__DATA SEGMENT__.
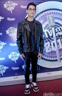 Ia memadukan jaket kulitnya dengan kaus dan celana serba hitam. Sneakers hitam, abu-abu dan putih melengkapi penampilannya. Pool/Noel/detikFoto.
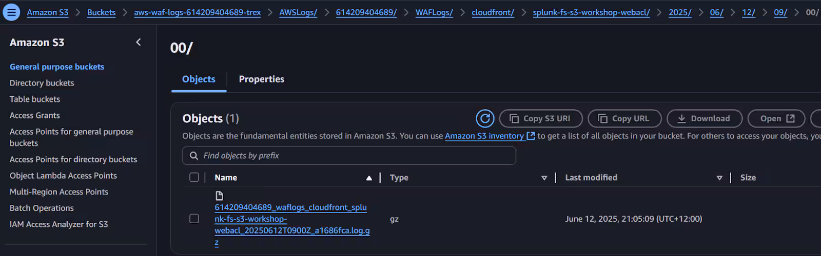 - <FIRST DATE IN S3> - This is where you navigate in the S3 folders until you get to the first date and time of your log file. E.g. 2025/06/12/09/00 (see example below):
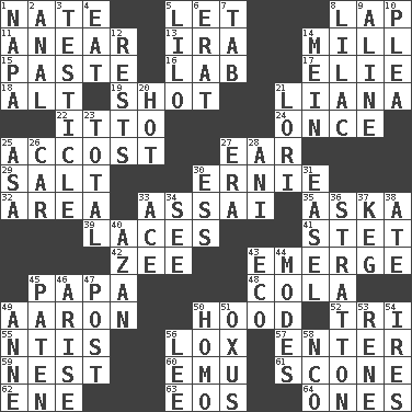 ACROSS 1. Nathan's nickname 5. Allow 8. Pet locale 11. Approach 13. Lyricist Gershwin 14. Place where flour is made 15. Thick mixture 16. Experiment locale 17. Writer Wiesel 18. Keyboard modifier key 19. Guess 21. Woody, climbing, usually tropical plant 22. "Tell ____ the Marines!" 24. At one time in the past 25. Buttonhole 27. Ewer handle 29. Table seasoning 30. Bert's buddy 32. Type of rug 33. Slender Brazilian palm 35. "____ silly question..." 39. Shoestrings 41. Proofreading order 42. Last letter of the English alphabet 43. Develop 45. Dad 48. Root beer relative 49. Composer Copland 50. Parka part 52. Three (prefix) 55. Nuclear Threat Initiatives 56. Brine-cured salmon 57. Keyboard key 59. A home for chicks 60. Australian flightless bird 61. Biscuitlike quick bread 62. Compass dir. 63. Greek goddess of the dawn 64. Singles DOWN 1. California wine valley 2. Of or related to the anus 3. One of the two male reproductive glands 4. Ingest 5. _ and Stitch 6. Part of Q.E.F. 7. Keyboard key 8. Pale purple color 9. Place in a line 10. Entreaty 12. Musical pauses 14. Chow _ 20. Being at a high temperature 21. Australian parrot (variant) 23. "_____ Recall" 25. White ___ sheet 26. 4-wheeled motor vehicle 27. Epoch 28. Black tropical American cuckoo 30. Curvy letter 31. Artist's stand 33. Adept person 34. Observe 36. Ski resort town in Vermont 37. Barrel 38. Had dinner 40. Muslim summons to prayer 43. Environmental prefix 44. Methods 45. Eucharist need 46. Originate 47. Mail 49. Queen of England 1702-14 50. Same (prefix) 51. Amu Darya 53. French philosopher Descartes 54. Angers 56. Area sheltered from the wind 58. Non-commissioned officer (abbr.)
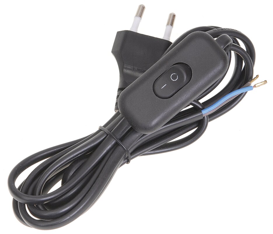 Шнур УШ-1КВ опрессованный с вилкой со встроенным выключателем 2х0,75/2м черный IEK

__WHAT THE EXERCISE ASKS__.
Go from the first line of the listing to the line holding "- <FIRST DATE" and, please, transcribe those lines exactly, both included, with no pictures.

__ANSWER SPACE__.
 Ia memadukan jaket kulitnya dengan kaus dan celana serba hitam. Sneakers hitam, abu-abu dan putih melengkapi penampilannya. Pool/Noel/detikFoto.
 - <FIRST DATE IN S3> - This is where you navigate in the S3 folders until you get to the first date and time of your log file. E.g. 2025/06/12/09/00 (see example below):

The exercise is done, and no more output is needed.